The Arab world provides an excellent example for the need to make a game fit the culture. With approximately 60 percent of the Middle East’s population under 25, its online gaming market is experiencing explosive growth. The vast majority of the region’s people also practice Islam. Publishers who are successful there say it’s critical that games meet the sometimes very subtle cultural needs of their users. For example, the team at Game Power 7 – a leading company in the market — does everything from designing appropriate wardrobes to eliminating religious symbols and removing all references to consuming alcohol and smoking. When the game Allods was being readied for release, Game Power 7 content managers noted that three of the characters were referred to as “gods.” They swiftly changed that to the more acceptable “kings.”
Winning a Wider Audience
EA’s popular Plants vs. Zombies is wildly successful in China. That’s not by accident. “The design of the zombies and the setting for the game were all redesigned as a way to represent Chinese culture and make it relevant and relatable to that audience,” says Corporate Communications Manager Sandy Goldberg. Everything from the zombies’ clothing, to the action taking place around the Great Wall, to Chinese scripted gravestones with offerings at their base fully capture a regionally exclusive experience within the game.
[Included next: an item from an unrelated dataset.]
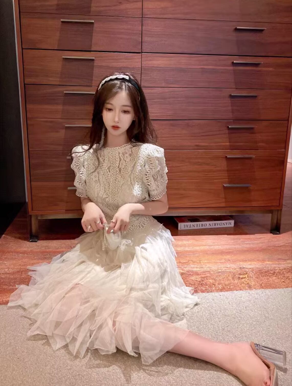 霧のような透け感が魅力のパーティードレスです。透け感のあるレースとチュールの異素材ミックスがエレガントさを演出します。ボリュームのあるスカートが華やかさを加え、パーティーやイベントで存在感を発揮する一着です。
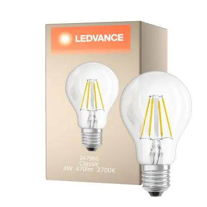 Ledvance Classic LED E27 Poire Filament Claire 4W 470lm - 827 Blanc Très Chaud | Équivalent 40W est le produit de remplacement parfait pour votre ancienne ampoule de 40W avec un culot E27 grâce à sa technologie LED. Passer à la LED vous offrira de nombreux avantages !

During EA’s July 23, Q1 2014 Earnings Call, COO Peter Robert Moore assumed success for Plants vs. Zombies 2. “This is a big year for EA’s PopCap Studio and we’re seeing a lot of consumer excitement over Plants vs. Zombies 2,” he said.
Moore’s prediction was short-lived, however. While culturization goes a long way to building user loyalty, the game still has to be user friendly. Excitement over Plants vs. Zombies 2 died down quickly when Chinese gamers discovered that advancement was significantly more difficult in their version compared to the U.S. version.
Language’s Cultural Component
Many games don’t necessarily need to be wary of cultural issues. For instance, fantasy or sci-fi based games that don’t take place on Earth often get a pass. Although in cases like this, Blind Squirrel’s Hendricks emphasizes the need for linguistically sensitive translation of menus, game text and language because those will have even greater significance to users.
Sports games, particularly for international sports like soccer/futbal, get a quasi-cultural pass, as well. But here again, translation becomes imperative to success. In December, EA and Nexon launched FIFA Online 3 in Korea. More recently, EA worked with TenCent to bring it to the Chinese market. Say’s EA’s Moore: “Together, these two partnerships represent a growth opportunity for EA in Asia. Teaming up with publishers of the caliber of Nexon and TenCent provides local expertise and deep insight into the largest market for games as a service.”
The Flip Side
Asian game developers, who’ve been catering to U.S. players for years, have been far ahead of the curve in terms of culturalization. In a 2009 interview with PC & Tech Authority, Lani Blazer an Associate Producer on the MMO Aion from Korea’s NCSOFT, spoke about the importance of culture when prepping for Western users.
“We’ve actually been calling it the “culturalization” process because we’re doing much more than just changing a Korean word to an English, French or German word,” she said. “Once we had the first-pass translation in, we sent it to our writing team who began reworking quest text, NPC dialog, and the overall story; culture references, fables, and slang all had to be revised to make them familiar and meaningful to the Western audience. It was important to us that our players be able to relate to the content that we were presenting.”